Scientific problems 2 times. First, since the realistic likelihood of success for any particular research effort is low, parallel research in different directions is necessary to accelerate the development of the field. The essence of the study - trial and error, which act by identifying inefficient areas and thereby focusing on those that promise. As a rule, a long time between the initiation of research and successful treatment in clinical applications. Therefore, any delay in identifying potentially effective therapeutic interventions leads to a delay in the treatment of patients with such diseases. Secondly, the exclusion of specific types of research from federal funding may lead to the exclusion of this study from federal supervision and protection, which may lead to its migration abroad. This can be detrimental to individual patients and the wider community of patients, clinicians and scientists.

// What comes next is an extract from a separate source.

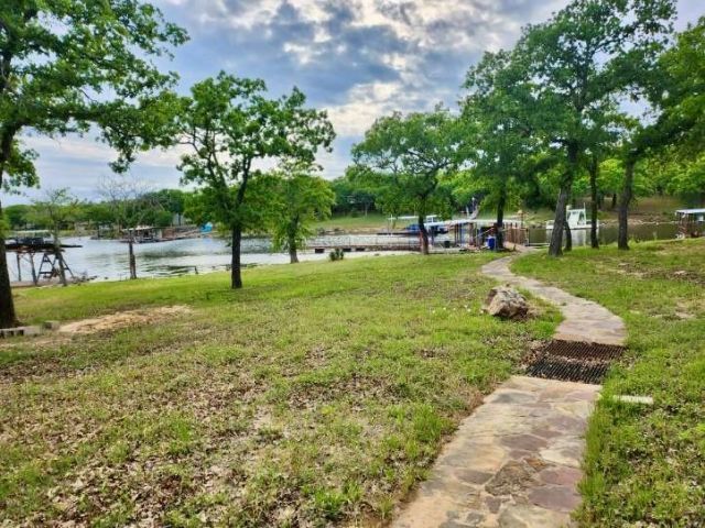 Amon G Carter Lake LAKEFRONT 1.85 Acre lot on a corner with a BOAT DOCK and 300 ft of shoreline. This lake house is on the North side of the lake and in one of the best fishing coves on this lake and it is across from the GOLF COURSE! There is no HOA and no restrictions. This home is on a corner and has road access . There is a lato two streets. Lake view from all rooms of the home with a wall of windows across the back of the home. There is a separate guest suite with its own entrance and full bath and small kitchen and closet. There is a huge greenhouse with concrete floor and electric and water. The lot has had dirt work to level and slope and it has many mature oaks and landscaping and a large front and side patio area. The main living area has an Austin stone fireplace floor to vaulted ceilings. This is a RARE find with the amount of land and on the best side of the lake and in this great cove and across from the golf course with a boar dock. The house has two bedrooms and two baths. RARE set up on Amon G Carter lake. Across from Golf Course, Close to Hwy 287, Fairly constant level lake, Fishing Lake, Great Location! Rare find!

In November 2004, Californian citizens approved a referendum measure to issue bonds to finance stem cell research, including embryonic stem cell research of $ 300 million a year for 10 years. Since then, several other states (Illinois, New Jersey, Maryland, New York, Delaware, and Wisconsin) are considering or being asked to consider funding initiatives for state stem cell research to fill the federal funding gap. This is partly due to the desire to remain at the forefront of medical research and to prevent brain drain in the direction of states that provide an economic environment that is more conducive to advanced research. The California Pulsation Initiative is expected to accelerate stem cell research throughout the country.
Conclusion
Stem cell research promises patients with ALS and may lead to the development of new treatments to slow the progression of the disease. This hope must be mitigated with caution due to the early stages of stem cell research in general and, in particular, in ALS and due to the record limitations of the effectiveness of all pharmacological interventions in transgenic mouse and sporadic human ALS. Careful attention to the ethics and scientific rigor of future stem cell research should be supported by clinicians, scientists, and participating patients.